The Bank uses analytical work to advise client countries on improving the policy and legal environment for smallholder farmers, traders and others involved in agribusiness. Using data and analysis collected since 2013, Enabling the Business of Agriculture periodically looks at how laws, regulations, policies and infrastructure affect the ability of farmers to produce, sell and buy their products, and deliver affordable nutritious food to a growing population.

International Finance Corporation, which is an arm of the World Bank Group that focuses exclusively on the private sector in developing countries, finances agribusinesses and food-related companies. It also supports financial institutions that enable the private sector to provide additional resources and financing to agribusiness. This is coupled with advisory services that help clients improve their operations with a focus on productivity improvements, climate smart practices, food safety, and engagement with smallholder supply chains.

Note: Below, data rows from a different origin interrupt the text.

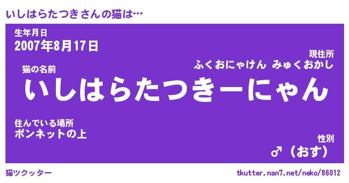 | ツイッター | いしはらたつきさんのツイッターID『fukuyoka_idle』 |
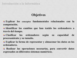 Este documento introduce los conceptos fundamentales de la informática. Explica que la informática es el procesamiento automático de datos mediante computadoras para producir información útil, y define términos clave como sistema informático, ordenador, datos e información. Además, describe cómo los datos son representados y almacenados en los sistemas de computación.
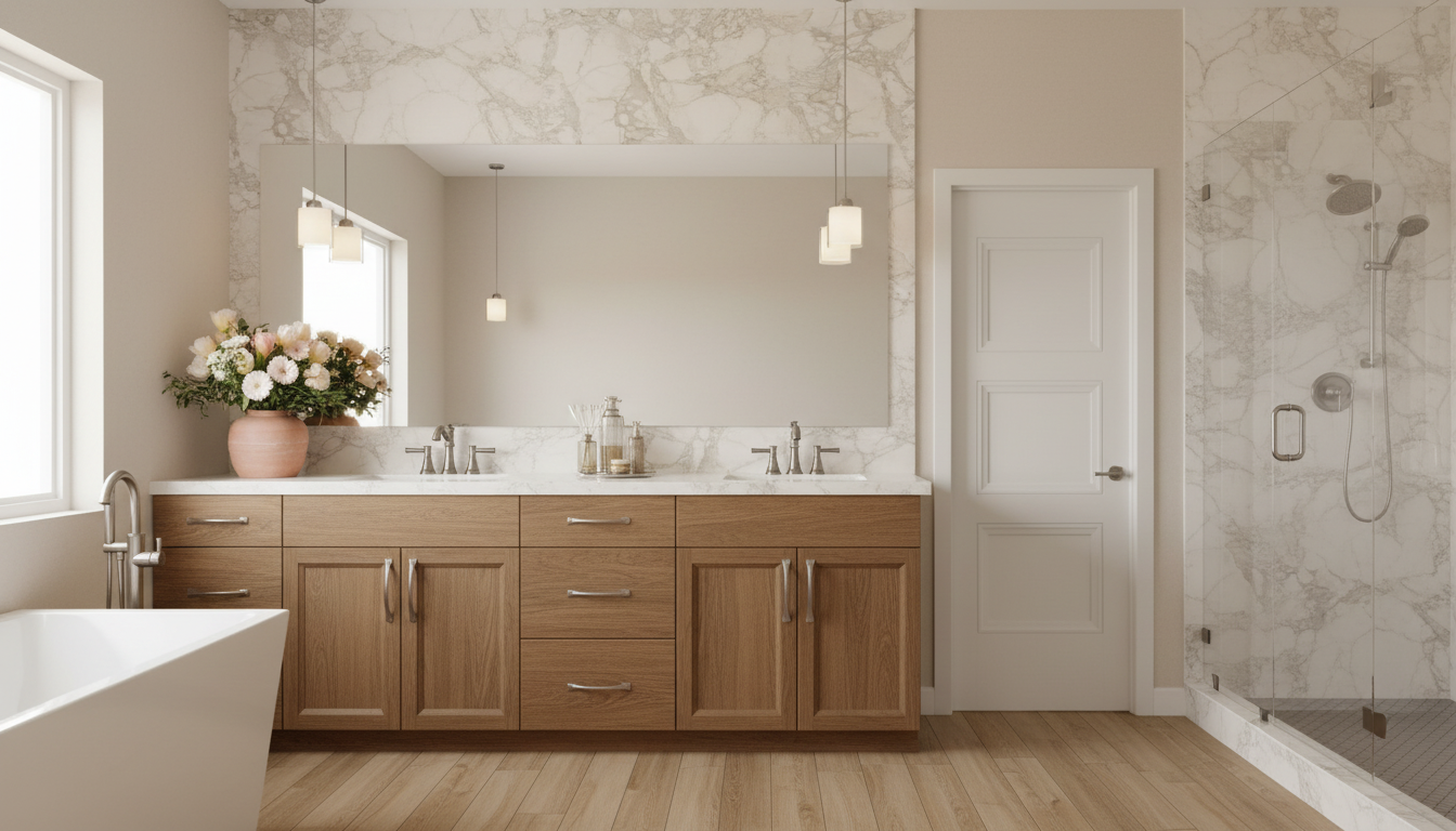 do not change anything but the following remove the bathtub remove the marble from behind the mirror and replace with just wall and mirror
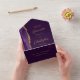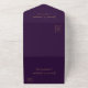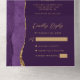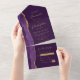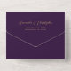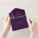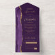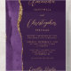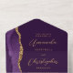 The left-hand edge of this elegant modern all-in-one wedding invitation and RSVP features a purple watercolor agate border trimmed with faux gold glitter. The customisable text combines gold-coloured stylish calligraphy script and sans serif fonts on a plum background. The return address appears on the outside flap and the reverse side of the detachable RSVP card in gold-coloured text on solid plum.
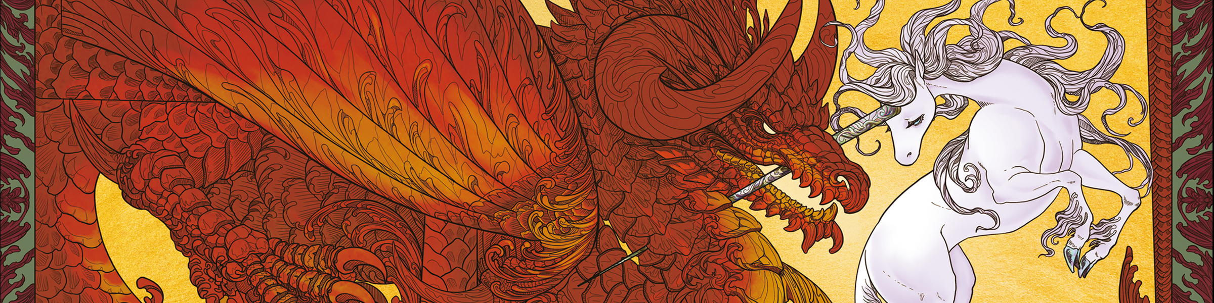 The Duel - An image of a Dragon and a Unicorn fighting on a dot grid journal

The World Bank and IFC work in partnership to mobilize finance for development in agricultural value chains. The so-called “MFD approach” seeks to crowd-in private investments and optimize the use of scarce public resources to achieve sustainable development goals, for example by improving the policy and regulatory environment, reducing transaction costs and risks, scaling up finance and promoting good governance and environmental and social sustainability. In Cote d’Ivoire, for example, the World Bank is providing $200 million to support cashew sector policy reform and improve smallholder farmers and processors’ access to markets, technology and training, while IFC works with local banks to catalyze credit across the cashew value chain. 

Results

The World Bank’s 15-year experience with productive alliances in Latin America (21 projects, 10 countries, US$ 1 billion funding since 2000) shows it’s possible to increase productivity, market integration, and income of smallholder farmers by forging stronger links between producers, buyers and the public sector. The average increase in net income in Colombia and Bolivia was about 30 percent and most productive alliances continued to operate long after project completion.

In Madagascar, a World Bank-funded project is helping cocoa farmers increase the value of their exports by moving from standard-quality cocoa to superior-quality cocoa. In addition to commanding higher prices, superior-quality cocoa results in fewer post-harvest losses.

In Cameroon, a partnership between sorghum producers, agribusiness purchasers and financial institutions has improved the livelihoods of smallholders in a region plagued by insecurity and prone to climatic hazards.

Removing existing companies’ powers to veto the licensing of new tea factories in Kenya enabled the entry of new competitors, facilitation investment in the sector and allowing farmers to receive 70 percent higher prices for their crop.

World Bank Group projects supporting government reforms in Cote d’Ivoire, Ethiopia, Ghana, Kenya, Malawi and Senegal to introduce Warehouse Receipt Systems have helped improve the integration of producers, traders, and processors into value chains by improving their access to professional storage and credit.

The Bank helped poor and vulnerable farmers in the state of Assam, India, significantly increase their productivity by investing in better and more extensive rural roads, upgrades to food markets, and farmer groups. Over 290 dairy cooperatives and 3,200 fish farmer groups were created. Paddy rice yields more than doubled and farmers diversified to higher value crops. Of the project’s 566,000 direct beneficiaries, 17 percent were landless, 47 percent were marginal farmers, and 31 percent were small farmers. A recently approved project in Assam will help facilitate agri-business investments, increase agriculture productivity and market access, and enable small farm holders to produce crops that are resilient to floods and droughts.

In Vietnam, the Bank’s support for the 2008 to 2014 Agriculture Competitiveness Project trained more than 93,400 farmers in modern farming techniques, fostered the establishment of farmers’ organizations linked to agri-businesses, and provided critical public infrastructure. As a result, producers saw the value of their sales increase by almost 20 percent.